For emergencies in the US: call 911. For non-emergency advice, call your pediatrician or the Poison Control Center at 1-800-222-1222 if you suspect a medication issue. Telehealth services like Teladoc, Amwell, and MDLive offer 24/7 pediatric consultations covered by most insurance plans.

What American moms actually deal with

American parents get conflicting advice from every direction. Wellness industry says lavender oil for everything. Some of those oils are actually unsafe for babies under 2 years old. Online mom forums swing from "every fever is fine, just wait it out" to "rush to the ER right now." Pediatricians want measured responses based on evidence. Insurance companies want you to call the nurse line first. None of these voices is entirely wrong. Just incomplete. AAP guidance is consistent and worth trusting more than Instagram momfluencers. For babies over 3 months, watchful waiting with Tylenol or Motrin and good hydration is fine for 24 to 48 hours unless something concerning develops. Under 3 months, any fever is an ER visit. No exceptions, no waiting it out.

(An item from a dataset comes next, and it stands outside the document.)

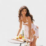 Mini Lillekleit kiirgab puhtat romantikat - peente lilledega pastelltoonis, halter-tüüpi kaelusega ja kergete šifoonikihtidega, mis kaunilt langevad. Ideaalselt sobib aiapidudele, suve brunch'idele või klaasi roosa veini nautimiseks päikese käes.
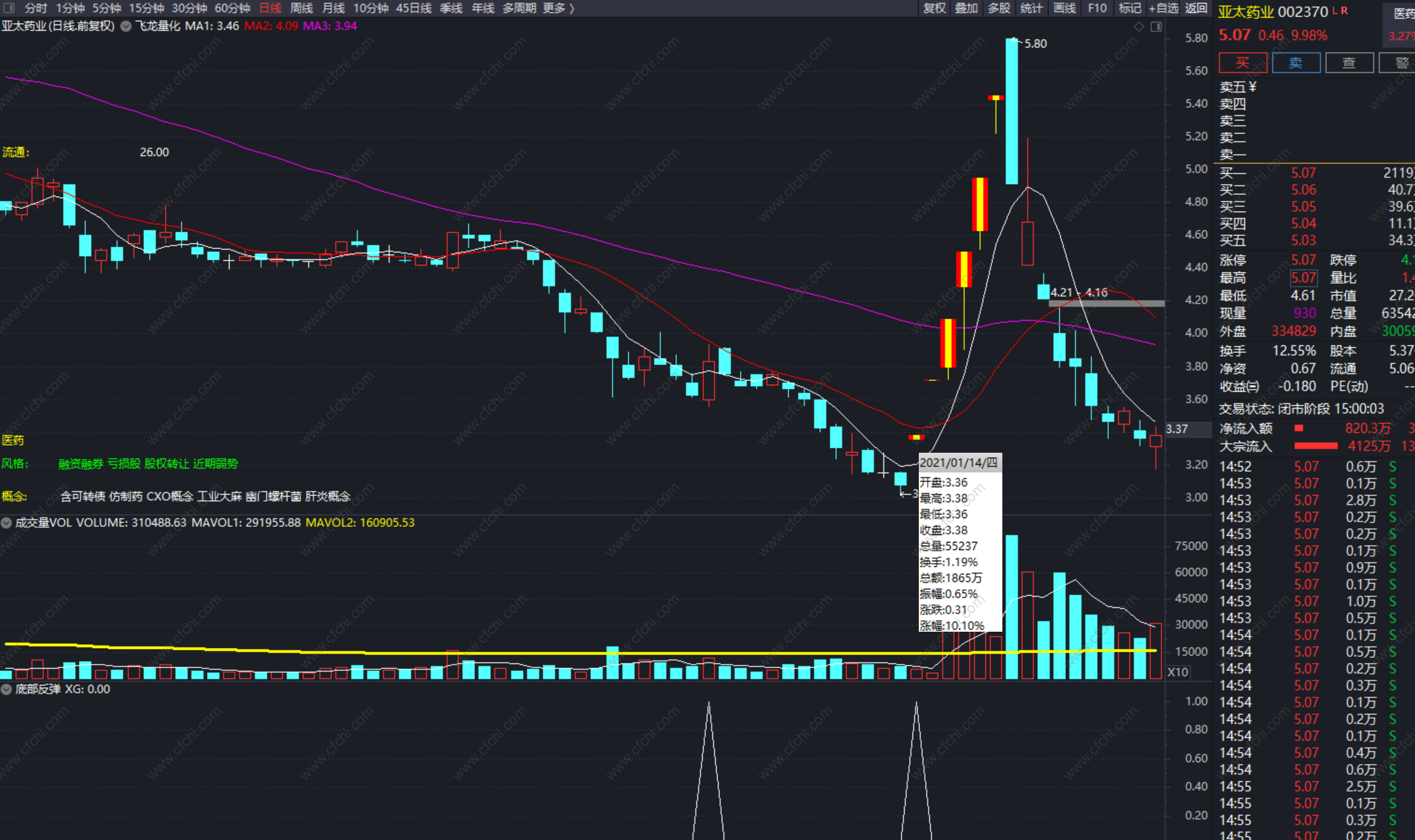 这个指标主要用于指数创阶段新低后, 市场上大部分的个股都出现普跌,并且创一年来的新低, 从近一年的高点下跌幅度超过60%左右,下跌方式 呈现两次下跌,第一次下跌后 横盘一个月左右后 再次急速下跌。操作的方式主要是用于打板,在底部只有强势涨停的票 才可能产生连板的赚钱效应。等市场情绪见底后 市场就会出现一大波的底部反弹的个股,在选择的过程中, 选早盘急速拉板的票,率先启动则占领先机。有些信号虽然出现,但并未 封板的票 就不操作。本指标只用作通达信软件, 里面有个流通市值的函数,被系统默认成未来函数,实在是没办法。C*FINANCE(7)/100000000<=85;日线级别的信号不飘逸, 不候补.。

American-specific questions

FMLA gives eligible employees up to 12 weeks of unpaid, job-protected leave around childbirth. Your due date is the anchor for planning when leave starts and ends. To qualify for FMLA you must have worked for your employer at least 12 months and 1250 hours in the prior 12 months. State-level paid leave (in California, New York, New Jersey, others) may offer additional protections. Check your states Department of Labor website.
Pregnancy Medicaid in most states covers from conception through 60 days postpartum, with some states extending to 12 months. Your due date is what your state agency will use for coverage windows. Apply through your state Medicaid agency as soon as you confirm pregnancy. WIC eligibility also runs through due date timing.
The American Academy of Pediatrics and ACOG (American College of Obstetricians and Gynecologists) recommend specific screening tests at specific gestational ages because thats when results are most reliable. NIPT testing is most accurate at 10+ weeks, anatomy scan at 18-22 weeks, glucose tolerance test at 24-28 weeks, Group B strep test at 36-37 weeks. Your due date sets these windows.